Dari contoh shalat berjamaah itu juga lah seharusnya kita bisa belajar bentuk kepemimpinan sejati dalam kehidupan sehari-hari, bahkan sampai urusan bernegara atau pemimpin dunia sekali pun.
Dalam Islam, seorang pemimpin boleh saja dipilih oleh rakyat. Akan tetapi pemimpin yang dipilih rakyat haruslah memiliki kemampuan untuk memimpin dengan menerapkan syariat dari Allah, Tuhan Yang Maha Esa.
Sudah benar bahwa di dalam konstitusi kita tidak tersurat “demokrasi” namun “kerakyatan yang dipimpin oleh hikmat kebijaksanaan dalam permusyawaratan perwakilan”. Disinilah yang perlu kita kritisi. Dalam membuat suatu kemufakatan menentukan pemimpin, haruslah berdasarkan sebuah patokan jika pemimpin itu memang betul-betul dapat menggenggam amanat untuk senantiasa menjalankan syariat Allah.
Disinilah pentingnya memberikan pemahaman Islam pada rakyat. Sehingga pemimpin yang dipilih pun bukan karena sekedar karena kesepakatan belaka, tapi justru mementingkan aspek hukum syariat. Sehingga pemimpin yang sepakat untuk dipilih nanti, bukanlah pemimpin yang ketika terpilih justru banyak melanggar aturan-aturan Allah.

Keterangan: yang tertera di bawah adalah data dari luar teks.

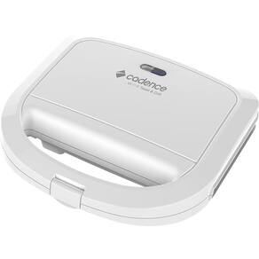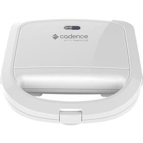 Sanduicheira Elétrica Cadence Toast & Grill Branca 220v com potência de 750W, chapas antiaderentes, alça isotérmica, trava de segurança e pés antiderrapantes.Funciona como grill
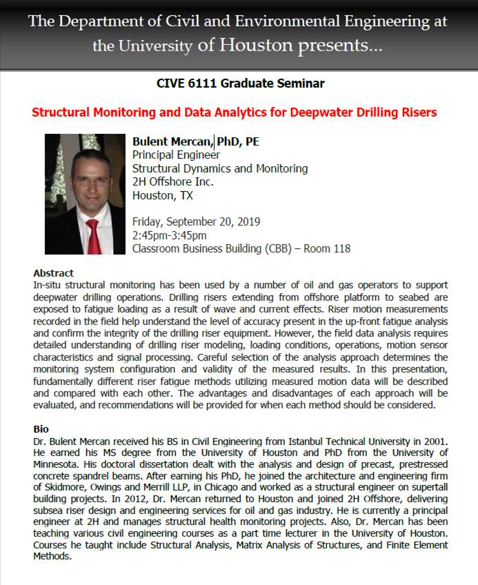 You are invited to attend the Civil & Environmental Engineering CIVE 6111 Graduate Seminar titled Structural Monitoring and Data Analytics for Deepwater Drilling Risers by Dr. Bulent Mercan, this Friday, September 20, 2019 from 2:30PM-4:00PM. We will serve light refreshments and set-up from 2:30PM-2:45PM. The talk will be held from 2:45PM-3:45PM and will be followed by a brief 15 minute Q&A session. The seminar will be in the Classroom Business Building (CBB) Room 118.
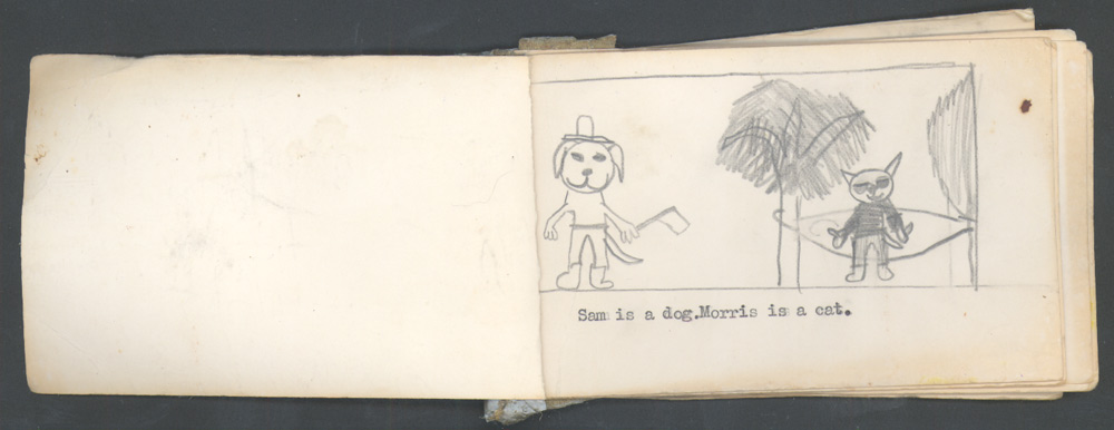 I guess construction paper pages with duct tape binding wouldn’t really make for a “buzz book” at MoCCA, but it’s not a bad effort for a kid in the early 70s. I had a “cat fixation” at one point, so I’m guessing the name “Morris” is a reference to Morris the Cat, the venerable cat food huckster of the 1970s.
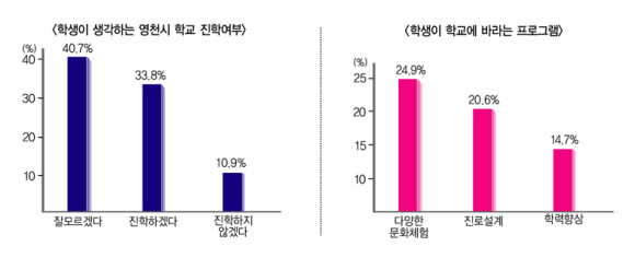 지역학생 1704명을 대상으로 교육발전계획 수립 학술연구과정 설문조사(학생용)를 분석한 결과 지역학생들은 교사에 대한 신뢰도는 있지만 교육과정과 진학에 대한 불신이 많은 편이다. 또 진로를 본인 스스로 결정한다(62.5%)는 것도 문제점으로 대두되고 있다. 영천시 관내 진학여부에 대하여 △잘 모르겠다 40.7%, △진학하겠다 33.8%, 진학하지 않겠다 10.9%순이다.
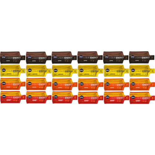 Liquid Energy Gel 24er Mixpaket GU Energy Labs mit Gemischt Geschmack in der 1.44KG Packung. GU Liquid Energy Gels GU Liquid Energy Gels versorgen Athleten aller Sportarten und Leistungsstufen mit hochwertiger und langanhaltender Energie. Jede Portion Gel bietet eine ausgewogene Mischung aus Kohlenhydraten, Elektrolyten und Aminosäuren. Nicht enthalten sind dagegen unnötige Mengen an Vitaminen, künstlichen Geschmacksstoffen und sonstigen Zusätzen, die nicht für die Versorgung während des Sports gebraucht werden. GU ist einfach einzunehmen, schmeckt gut und bringt genau das mit, was für Höchstleistungen notwendig ist. Durch Ihre flüssige Konsistenz lassen sich die Liquid Gels problemlos ohne Wasser benutzen. Was macht die GU Liquid Gels besonders? Neben dem einzigartig leckeren und natürlichen Geschmack heben sich GU Liquid Gels durch ihre Inhaltstoffe und deren Zusammensetzung hervor. Alle Inhaltsstoffe wurden perfektioniert um dich nachhaltig mit Energie zu versorgen – ohne Schnickschnack. Wie viele GU Liquid Gels brauche ich für meinen Sport? Die Menge an GU Liquid Gels die du benötigst hängt von der Art und Dauer der sportlichen Aktivität ab. Bei einer mittleren Intensität empfehlen sich 1-2 Gels pro Stunde, bei besonders hoher Intensität können 2-3 Gels pro Stunde genutzt werden. GU for it!
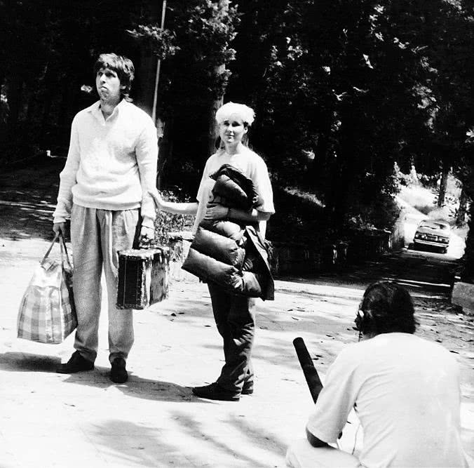 Борис Гребенщиков и Джоанна Стингрей на съемках клипа Come Together. Москва, июнь 1993 г.
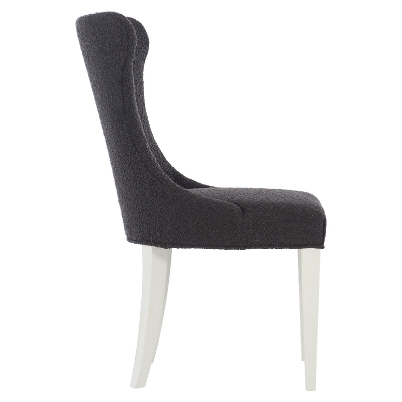 Silhouette is defined by bold geometry, soft curves and a hint of Hollywood Regency glamour. The Silhouette side chair abounds with delightful touches: a button-tufted hourglass back, cozy dark boucle upholstery, and back sabre legs contrasting with gently tapered legs in the front. This balanced piece expresses an understated extravagance.
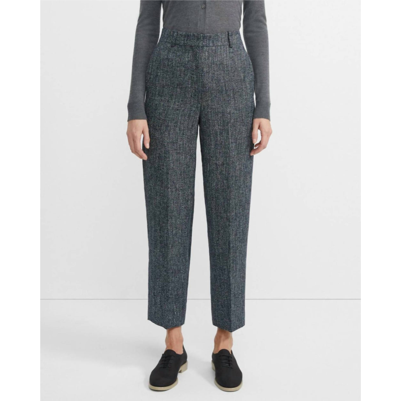 Stay on-trend and showcase your impeccable taste with these adaptable and stylish cropped pants. The perfect length to wear with your favorite mules. Youll love the fit!Elevate your career wardrobe with the High Waist Straight Ankle Crop Career Pants by Theory. These ankle-length pants feature a high-rise waist and a straight leg, providing a sophisticated silhouette that pairs perfectly with on-seam pockets and belt loops for added functionality. Crafted in Italy, they boast a luxurious 62% Linen and 38% Viscose herringbone-textured blend, ensuring both comfort and style. With a 26.5 inseam and a sleek black and white color scheme, these pants epitomize premium European tailoring. Care for this exquisite piece is easy with dry clean maintenance.
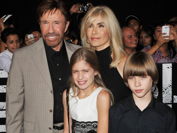Чак Норрис с женой и близнецами
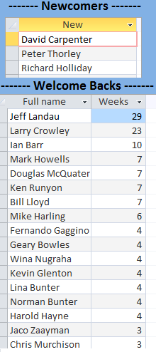 Three Newcomers to report this week with two of them being DOGS, David Carpenter and Peter Thorley and the third being visiting Brit, Richard Holliday, a warm Tee Set welcome to them all. Jeff Landau led the welcome back brigade after being away 29 weeks, closely followed by Larry Crowley at 23 weeks.
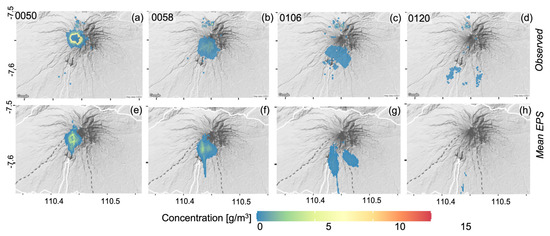 The retrieved tephra concentration on M05 based on valid (a–d) compared with the mean EPS (e–h) at different time steps, as indicated in the top left corner. The mean EPS uses a threshold of tephra concentration ≥ 0.01 g/m3. In each image, the x-axis is longitude and y-axis is latitude.
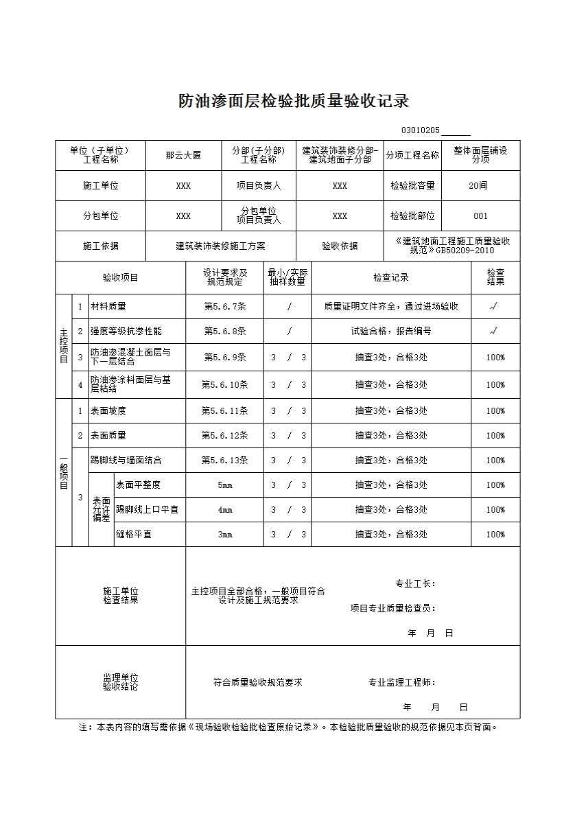 表格名称:03010205_防油渗面层检验批质量验收记录
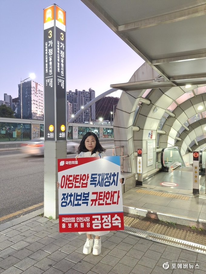 공정숙 전 의원이 민주당 국정운영을 비판하며 이어온 1인 시위를 100회로 마무리했다.
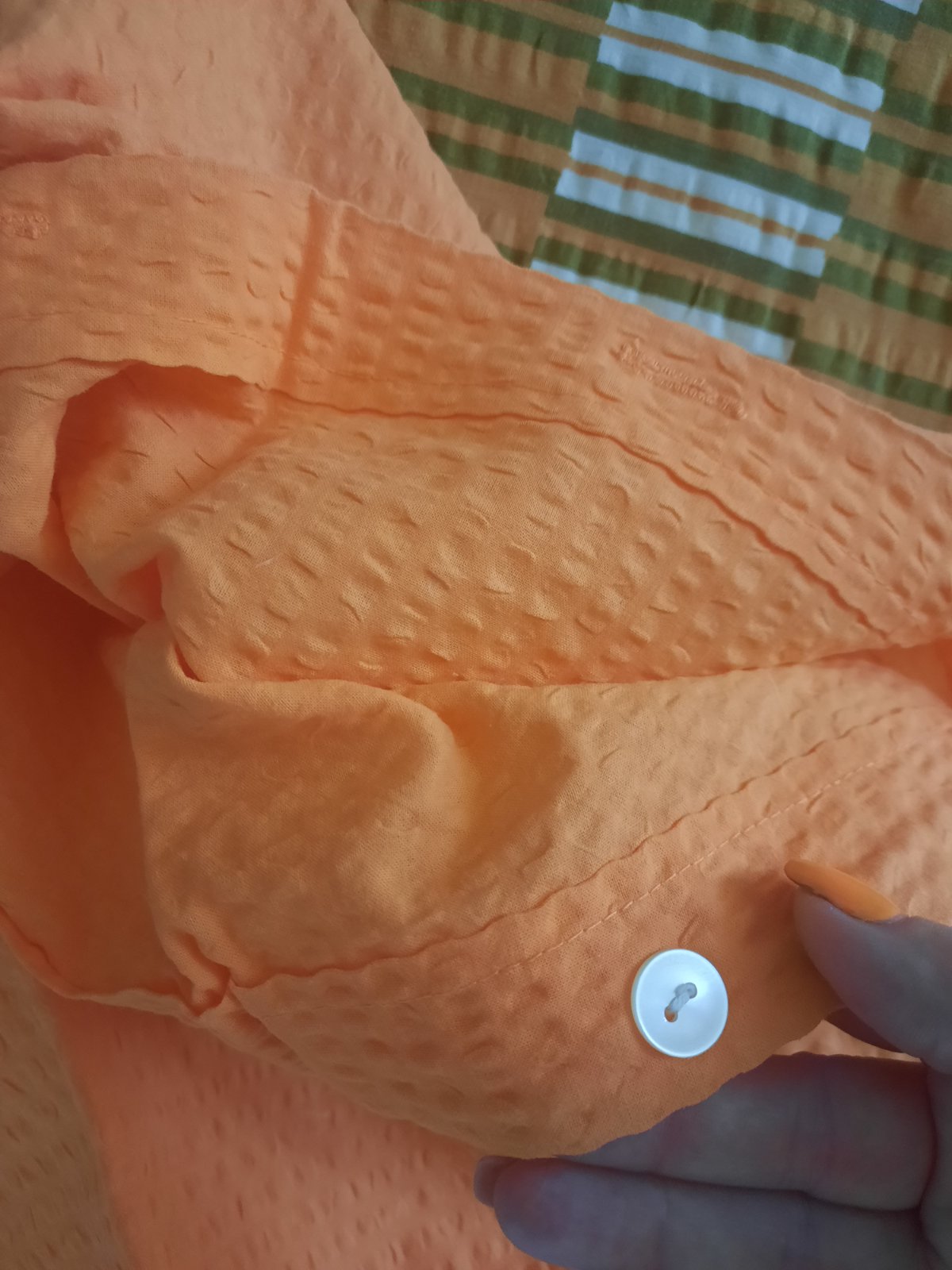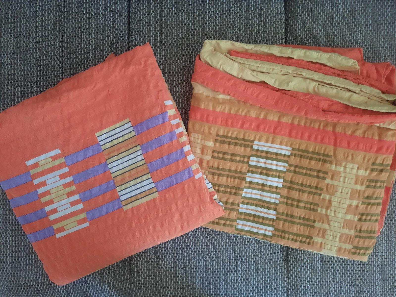 Predám krepové posteľné prádlo- návliečka na 2 postele ...sú tam 2 paplóny + 1 veľký oranžový vankúš +1 farebný podlhovastý vankúš. Zapínanie je na gombíky. Veľmi dobrý stav.
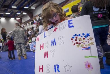 Keywords: joint base elmendorf-richardson jointbaseelmendorfrichardson alaska usa jber ak Ashlynn Deer, 7, waits for her step-father Spc. William Goodwin assigned to the 98th Maintenance Company, 17th Combat Sustainment Support Battalion, U.S. Army Alaska, before a redeployment ceremony to reunite Soldiers with their families at the Buckner Physical Fitness Center, Wednesday, Nov. 4, 2015, on Joint Base Elmendorf-Richardson, Alaska. The "Wolverines" deployed to Southwest Asia for nine months in support of Operation Inherent Resolve, and Operation Enduring Freedom in Afghanistan. (U.S. Air Force photo/Justin Connaher) Ashlynn Deer, 7, waits for her step-father Spc. William Goodwin assigned to the 98th Maintenance Company, 17th Combat Sustainment Support Battalion, U.S. Army Alaska, before a redeployment ceremony to reunite Soldiers with their families at the Buckner Physical Fitness Center, Wednesday, Nov. 4, 2015, on Joint Base Elmendorf-Richardson, Alaska. The "Wolverines" deployed to Southwest Asia for nine months in support of Operation Inherent Resolve, and Operation Enduring Freedom in Afghanistan. (U.S. Air Force photo/Justin Connaher)

Maka darisini, sangat penting mulai dari sekarang untuk dapat menyadarkan semua lapisan masyarakat, bahwa seorang pemimpin dalam lingkup apa pun itu, harus dipastikan jika ia memang sangup mengemban amanat serta senantiasa taat dalam menjalankan syariat dan perintah Allah. Bukan malah sebaliknya senang melanggar syariat. Dan yang lebih parah apabila pemimpin tersebut juga membuat dan mendorong rakyatnya untuk suka melanggar perintah Allah.
Disini juga makin terlihat bahwa sangat penting bagi umat Islam untuk mempunyai kekuatan, sehingga tidak dengan mudahnya dapat dilumpuhkan oleh bangsa-bangsa barat atau siapa saja yang menentang Islam. Cukup terlihat sekali pada saat umat muslim tidak punya kekuatan melawan pihak-pihak yang menentang Islam, terkadang mereka untuk ibadah saja tidak bisa maksimal.
Bahkan yang lebih parah ada juga orang Islam yang dipaksa untuk melanggar perintah Allah. Seperti contohnya pelarangan penggunaan jilbab di beberapa wilayah. Semoga Islam dapat kembali memimpin. Dan dunia akan kembali dipimpin oleh sosok muslim yang begitu taat kepada Allah, sebagaimana Rasulullah dan para Khulafaur Rasyidin.’